I've only got three Pelosi statements in my database, and two of them fall in the "lie" category. My theory is this: politicians who speak for their party lie more than politicians who speak for themselves. The occupational category with the second worst [Quibbling Potatoes] Truth Index average values is "party boosters" (RNC, DNC, each party's senate and house committees, state and local branches of the parties, and the chairmen of the DNC and RNC when they are speaking in their capacity as party spokesmen). The worst values belong to the chain emails.

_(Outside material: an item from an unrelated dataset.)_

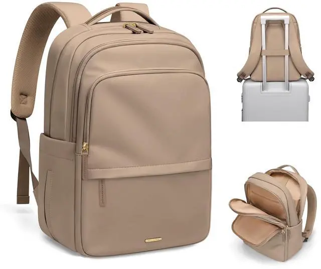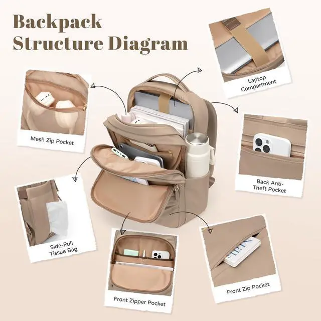 SMART STORAGE & ORGANIZED LAYOUT - Designed with 1 main compartment, 1 mesh zip pocket, 1 padded laptop sleeve (fits laptops up to 15.6 inch), 1 secondary compartment, 1 inner zip pocket, 1 mesh slip pocket, and 2 insert pockets. Exterior includes 2 front zip pockets (with 2 insert pockets + 1 pen slot), 1 rear zip pocket, 1 side pocket, 1 tissue side pocket, 1 earphone port, and 1 luggage strap. ^^ STYLISH & PRACTICAL FOR DAILY USE - With a sleek and elegant design in Apricot, Black, Champagne, or Atrovirens, this 24L backpack ( 31.5 x 44 x 15 cm / 12.4 x 17.3 x 5.9 inches) is ideal for work, business trips, errands, leisure outings, and even as a practical gift or mom bag.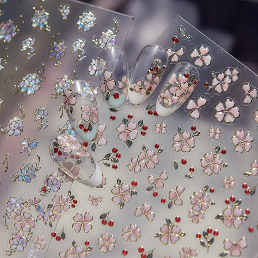 Flower Nail Stickers Pink Nail Art Stickers Jerry Nail Decals with Red Design Floral Nails Art Decals 5D Embossed Self Adhesive Nails Charms for Women Girls Manicure DIY Decoration Accessories

I count Pelosi and Boehner as politicians always, but their Truth Index scores (-0.67, -0.63) are below the average of their parties by a lot (D: 0.24, R: -0.07). For the record, Republican party boosters average -0.46, Democratic ones average -0.12, Reince Priebus is at a -0.67 average, while Debbie Wassermann Schultz is at 0.00 overall but -0.25 when she speaks in her capacity as DNC chairwoman.

- Steve

Karen S. said...

If they are the three I think they are (so far this year), the one that is Half True should probably have been False according to the Washington Post Fact Checker. This year,I have one PF Half True, one False and one Pants on Fire for Pelosi which works out to a -.83 (or -83.33 at x 100) I would agree with your theory, except that Pelosi's Truth Index was better when she was speaker than it has been this past year. You can see my rankings here: http://politi-psychotics.blogspot.com/2011/07/politifact-truth-index-rankings.html I multiply mine times 100 so (like you said) they "look cool" that way. Thanks.

Karen S. said...

My apologies, Steve, I think you compute your Truth Index differently than PF. I do mine like theirs, although I've done it 2 different ways up until the Truth Index. But the trend results are all the same. I would also note that the party "extremists" like Ron Paul and Dennis Kucinich are among the most truthful on the Index, simply because they're NOT speaking for the party, in keeping with your theory.